Start of Supplied information

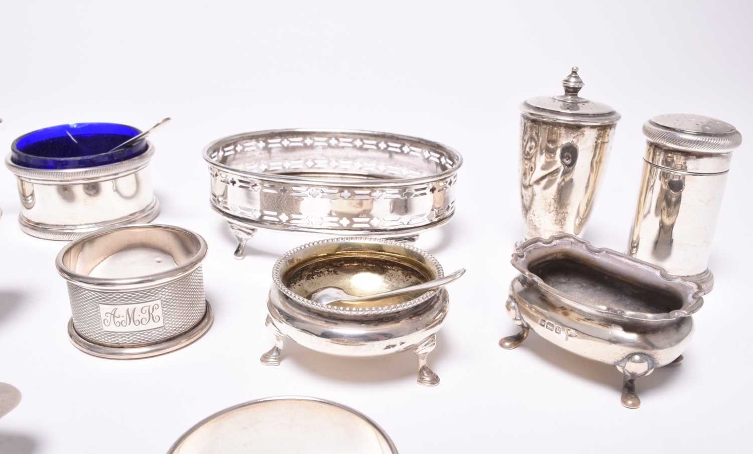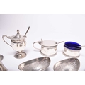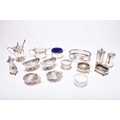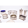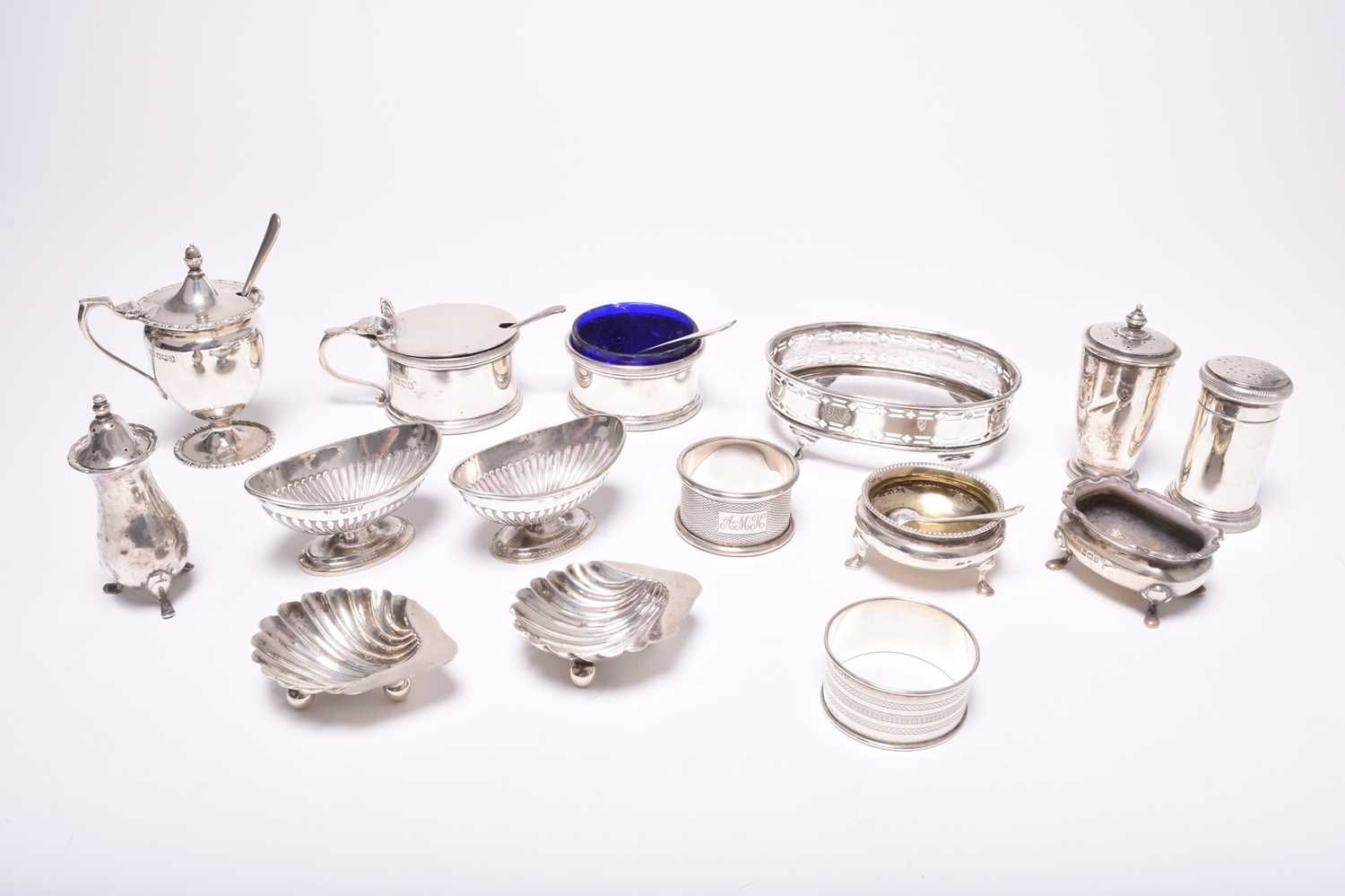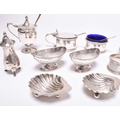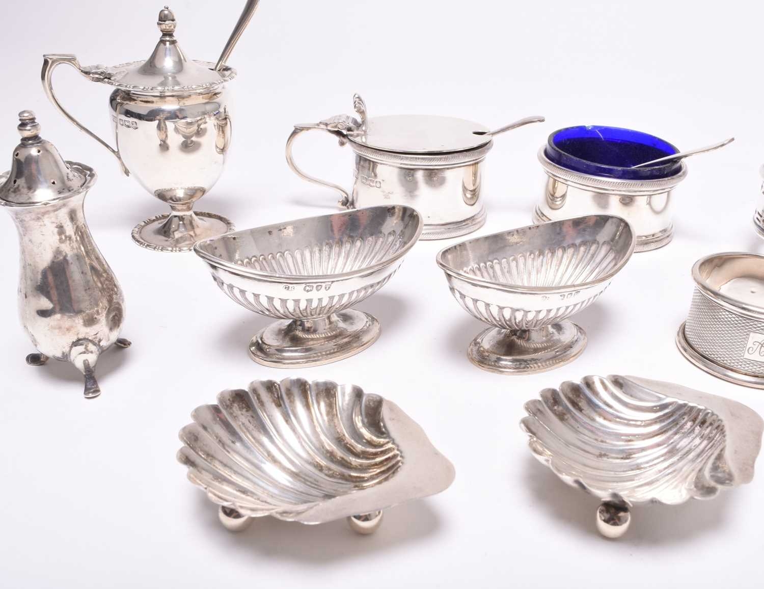 A collection of various silver cruets, comprising; a pair of navette form pedestal salts, London 1894 & 1895, a pair of shell form salts, a three piece cruet set, London 1944, two pepper pots, two further salts, a mustard, cruet spoons and two napkin rings, total weight approx 16oz (a lot)
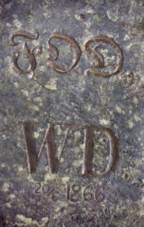 Fornminne, inristning på Snäröuran i Västerhankmo. Holmen fungerade som kyrkoherde Frans Oscar Durchmans sommarviste. På holmen finns ca tio minnesristningar från åren 1866-67. Överst kyrkoherdens initialer FOD i fraktur, under WD i antikva efter Wendla som både hustrun och dottern hette. Västerhankmo hembygdsförening restaurerade ristningarna 1995. Foto Mikael Herrgård.
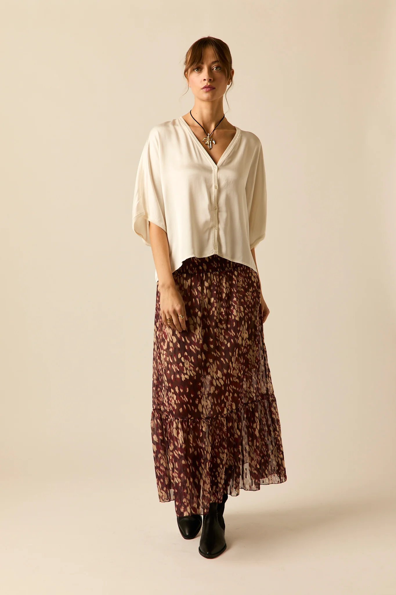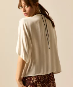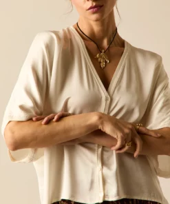 Blusa de raso en color crema. Cuello pico, manga 3/4 amplia y cierre de botones frontal.

End of Supplied information

§ **Assignment**
Pictures aside, transcribe exactly the lines from the line containing "Fornminne, inristning på" through the final line of the material above.

§ **Response to this task**
 Fornminne, inristning på Snäröuran i Västerhankmo. Holmen fungerade som kyrkoherde Frans Oscar Durchmans sommarviste. På holmen finns ca tio minnesristningar från åren 1866-67. Överst kyrkoherdens initialer FOD i fraktur, under WD i antikva efter Wendla som både hustrun och dottern hette. Västerhankmo hembygdsförening restaurerade ristningarna 1995. Foto Mikael Herrgård.
 Blusa de raso en color crema. Cuello pico, manga 3/4 amplia y cierre de botones frontal.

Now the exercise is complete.